▶ Data for analysis
────────────────────────────────────────
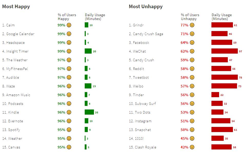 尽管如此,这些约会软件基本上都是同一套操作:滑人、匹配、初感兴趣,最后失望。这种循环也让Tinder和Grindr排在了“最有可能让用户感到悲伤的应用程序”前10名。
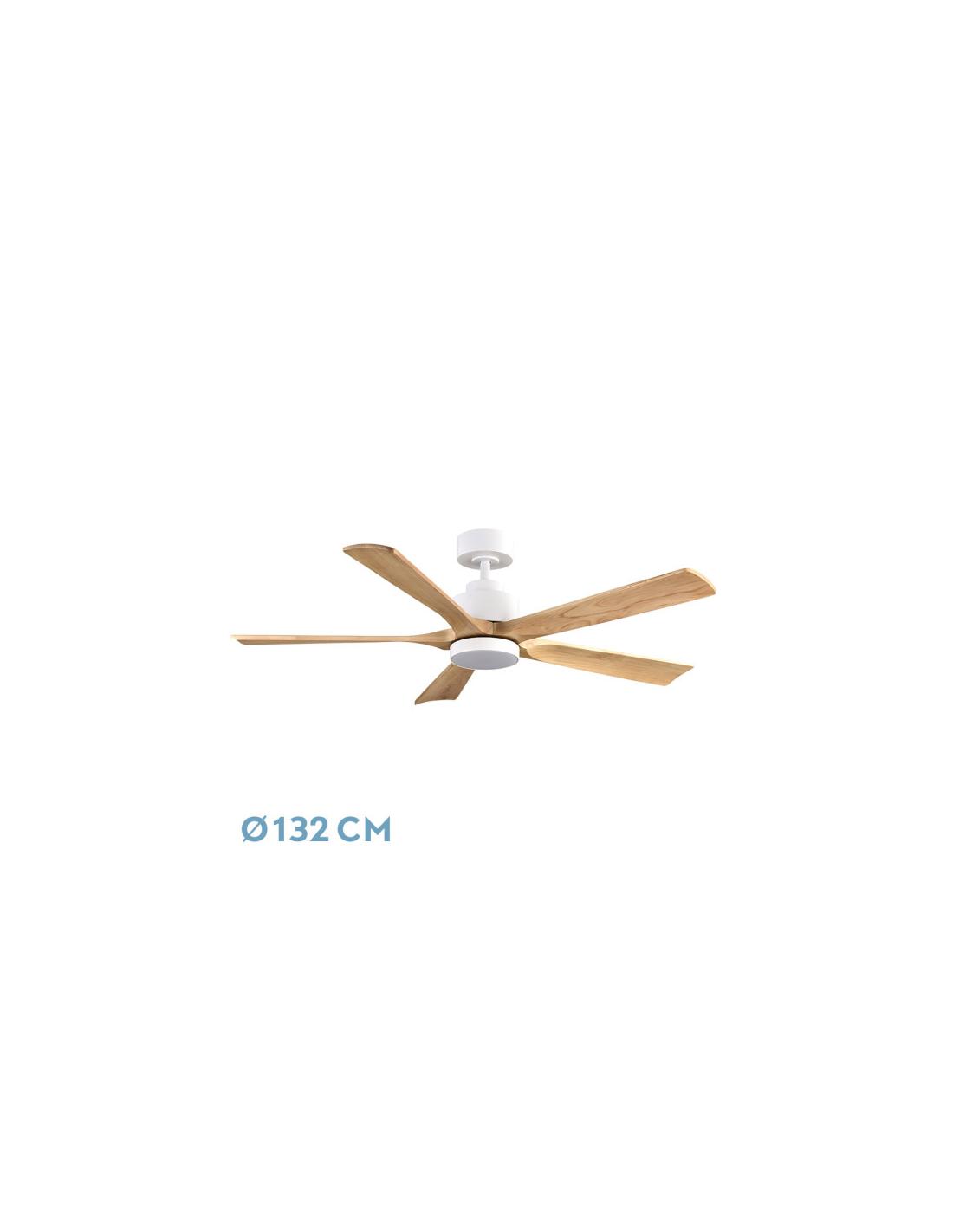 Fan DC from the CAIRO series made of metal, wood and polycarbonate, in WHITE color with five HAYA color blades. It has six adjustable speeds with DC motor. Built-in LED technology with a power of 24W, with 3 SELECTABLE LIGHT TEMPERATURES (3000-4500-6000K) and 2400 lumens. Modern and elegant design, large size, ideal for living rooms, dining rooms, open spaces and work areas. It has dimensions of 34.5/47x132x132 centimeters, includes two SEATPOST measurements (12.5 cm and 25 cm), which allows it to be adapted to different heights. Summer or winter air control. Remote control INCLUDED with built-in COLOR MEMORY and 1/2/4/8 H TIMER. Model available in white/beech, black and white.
────────────────────────────────────────
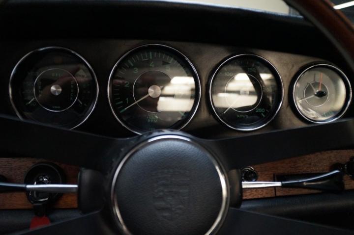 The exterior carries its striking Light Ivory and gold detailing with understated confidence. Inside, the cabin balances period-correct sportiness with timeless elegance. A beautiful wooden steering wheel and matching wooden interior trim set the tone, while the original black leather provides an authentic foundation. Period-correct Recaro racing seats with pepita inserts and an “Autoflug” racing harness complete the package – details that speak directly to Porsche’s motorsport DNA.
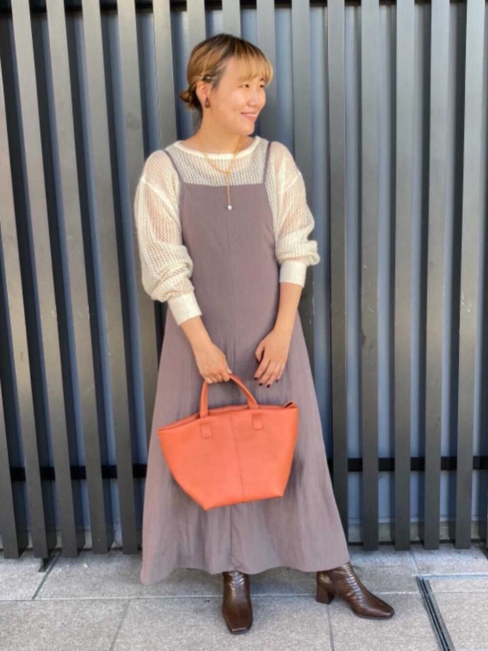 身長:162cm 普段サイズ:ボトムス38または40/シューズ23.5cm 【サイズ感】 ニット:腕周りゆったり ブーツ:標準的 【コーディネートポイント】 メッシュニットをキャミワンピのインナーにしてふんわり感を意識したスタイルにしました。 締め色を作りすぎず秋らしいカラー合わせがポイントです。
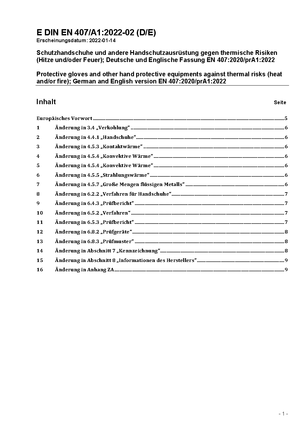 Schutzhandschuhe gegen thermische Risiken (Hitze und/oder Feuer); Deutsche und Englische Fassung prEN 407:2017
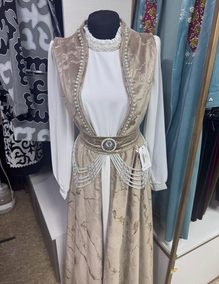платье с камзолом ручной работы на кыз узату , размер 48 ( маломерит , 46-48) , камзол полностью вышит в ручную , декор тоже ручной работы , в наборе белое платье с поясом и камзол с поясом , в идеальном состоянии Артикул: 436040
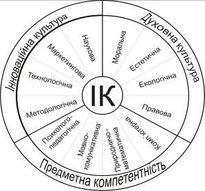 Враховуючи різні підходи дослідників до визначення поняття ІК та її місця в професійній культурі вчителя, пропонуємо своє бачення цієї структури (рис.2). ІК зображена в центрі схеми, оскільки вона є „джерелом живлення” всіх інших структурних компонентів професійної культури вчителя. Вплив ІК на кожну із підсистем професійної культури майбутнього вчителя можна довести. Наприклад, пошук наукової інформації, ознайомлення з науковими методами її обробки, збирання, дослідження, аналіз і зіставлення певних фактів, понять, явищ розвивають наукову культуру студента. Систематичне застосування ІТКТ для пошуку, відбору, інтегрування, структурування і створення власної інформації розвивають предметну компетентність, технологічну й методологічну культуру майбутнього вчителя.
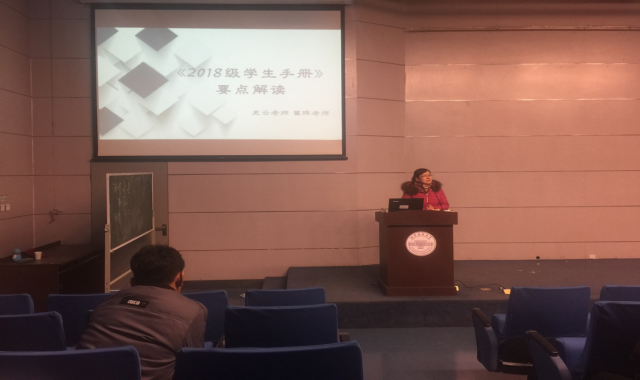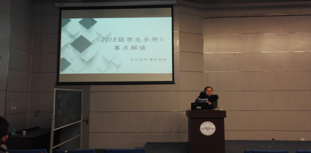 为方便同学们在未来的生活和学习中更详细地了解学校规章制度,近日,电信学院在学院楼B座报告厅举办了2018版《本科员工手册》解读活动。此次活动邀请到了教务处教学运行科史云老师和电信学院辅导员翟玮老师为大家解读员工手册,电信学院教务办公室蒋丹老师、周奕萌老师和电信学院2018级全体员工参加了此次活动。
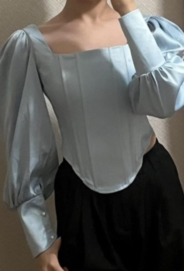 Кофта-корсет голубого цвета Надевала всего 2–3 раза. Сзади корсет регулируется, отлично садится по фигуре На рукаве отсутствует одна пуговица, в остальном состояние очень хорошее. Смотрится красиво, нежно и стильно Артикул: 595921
────────────────────────────────────────
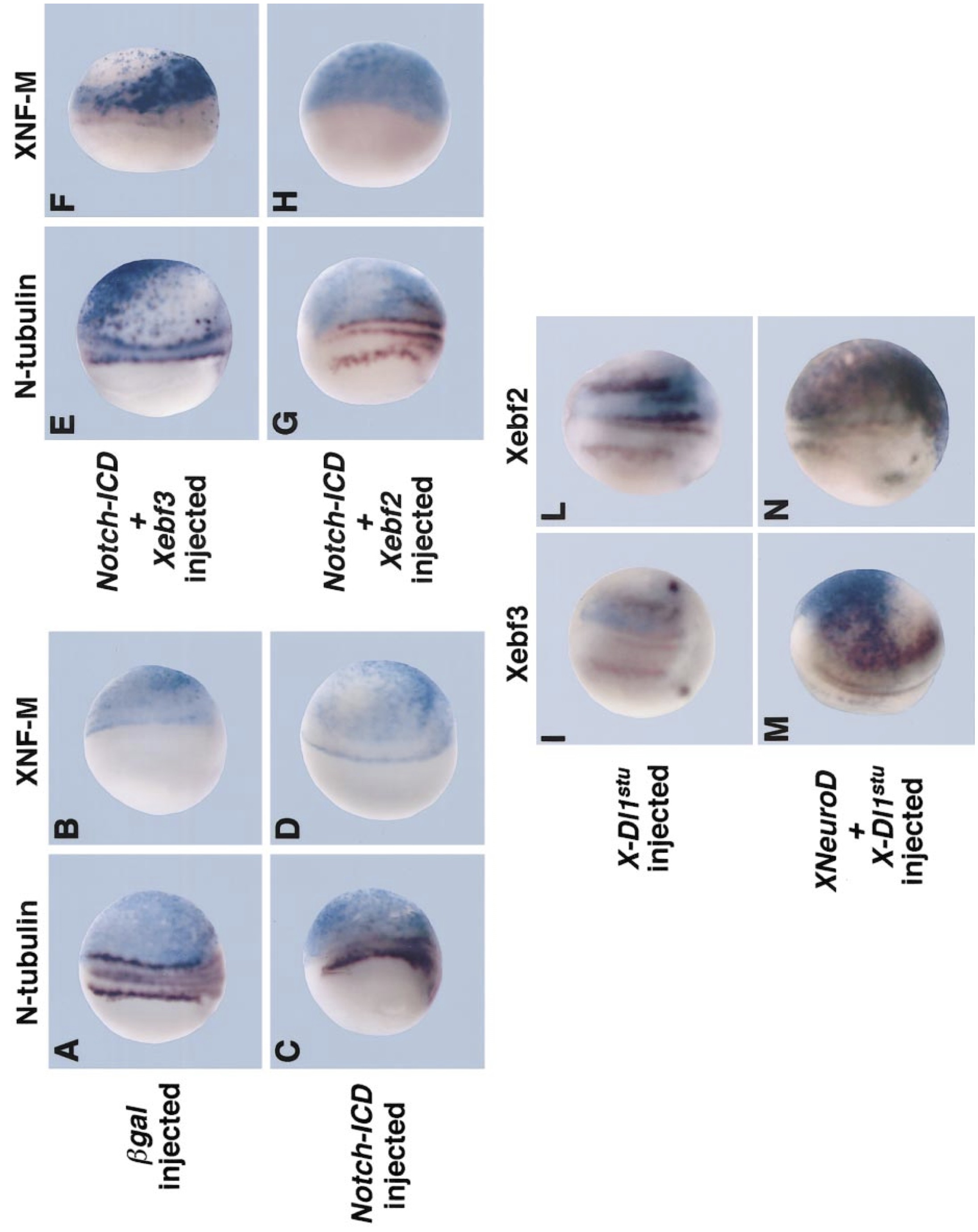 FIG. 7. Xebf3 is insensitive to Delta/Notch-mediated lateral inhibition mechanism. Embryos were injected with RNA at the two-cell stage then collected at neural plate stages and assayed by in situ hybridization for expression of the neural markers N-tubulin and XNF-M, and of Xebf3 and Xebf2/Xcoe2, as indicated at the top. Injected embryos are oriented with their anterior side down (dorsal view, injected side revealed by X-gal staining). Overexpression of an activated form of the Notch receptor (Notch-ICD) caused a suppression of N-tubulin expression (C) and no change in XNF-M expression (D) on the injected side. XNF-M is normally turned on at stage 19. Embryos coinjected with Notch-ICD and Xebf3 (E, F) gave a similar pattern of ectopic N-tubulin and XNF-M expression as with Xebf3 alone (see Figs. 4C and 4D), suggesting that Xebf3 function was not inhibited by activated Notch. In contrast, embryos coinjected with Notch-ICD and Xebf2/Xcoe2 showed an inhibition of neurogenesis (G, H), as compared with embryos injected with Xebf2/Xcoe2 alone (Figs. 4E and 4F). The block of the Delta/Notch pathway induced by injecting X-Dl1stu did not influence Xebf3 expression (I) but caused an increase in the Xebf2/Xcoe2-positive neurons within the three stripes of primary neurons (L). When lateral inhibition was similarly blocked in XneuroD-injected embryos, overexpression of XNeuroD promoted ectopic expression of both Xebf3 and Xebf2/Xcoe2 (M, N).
────────────────────────────────────────
Beginning at the line above that contains "身長:162cm 普段サイズ:ボトムス38または40/シューズ23.5cm 【サイズ感】", repeat each line exactly through the one that contains "Кофта-корсет голубого цвета", and leave out the pictures.

▶ Response to the exercise
 身長:162cm 普段サイズ:ボトムス38または40/シューズ23.5cm 【サイズ感】 ニット:腕周りゆったり ブーツ:標準的 【コーディネートポイント】 メッシュニットをキャミワンピのインナーにしてふんわり感を意識したスタイルにしました。 締め色を作りすぎず秋らしいカラー合わせがポイントです。
 Schutzhandschuhe gegen thermische Risiken (Hitze und/oder Feuer); Deutsche und Englische Fassung prEN 407:2017
платье с камзолом ручной работы на кыз узату , размер 48 ( маломерит , 46-48) , камзол полностью вышит в ручную , декор тоже ручной работы , в наборе белое платье с поясом и камзол с поясом , в идеальном состоянии Артикул: 436040
 Враховуючи різні підходи дослідників до визначення поняття ІК та її місця в професійній культурі вчителя, пропонуємо своє бачення цієї структури (рис.2). ІК зображена в центрі схеми, оскільки вона є „джерелом живлення” всіх інших структурних компонентів професійної культури вчителя. Вплив ІК на кожну із підсистем професійної культури майбутнього вчителя можна довести. Наприклад, пошук наукової інформації, ознайомлення з науковими методами її обробки, збирання, дослідження, аналіз і зіставлення певних фактів, понять, явищ розвивають наукову культуру студента. Систематичне застосування ІТКТ для пошуку, відбору, інтегрування, структурування і створення власної інформації розвивають предметну компетентність, технологічну й методологічну культуру майбутнього вчителя.
 为方便同学们在未来的生活和学习中更详细地了解学校规章制度,近日,电信学院在学院楼B座报告厅举办了2018版《本科员工手册》解读活动。此次活动邀请到了教务处教学运行科史云老师和电信学院辅导员翟玮老师为大家解读员工手册,电信学院教务办公室蒋丹老师、周奕萌老师和电信学院2018级全体员工参加了此次活动。
 Кофта-корсет голубого цвета Надевала всего 2–3 раза. Сзади корсет регулируется, отлично садится по фигуре На рукаве отсутствует одна пуговица, в остальном состояние очень хорошее. Смотрится красиво, нежно и стильно Артикул: 595921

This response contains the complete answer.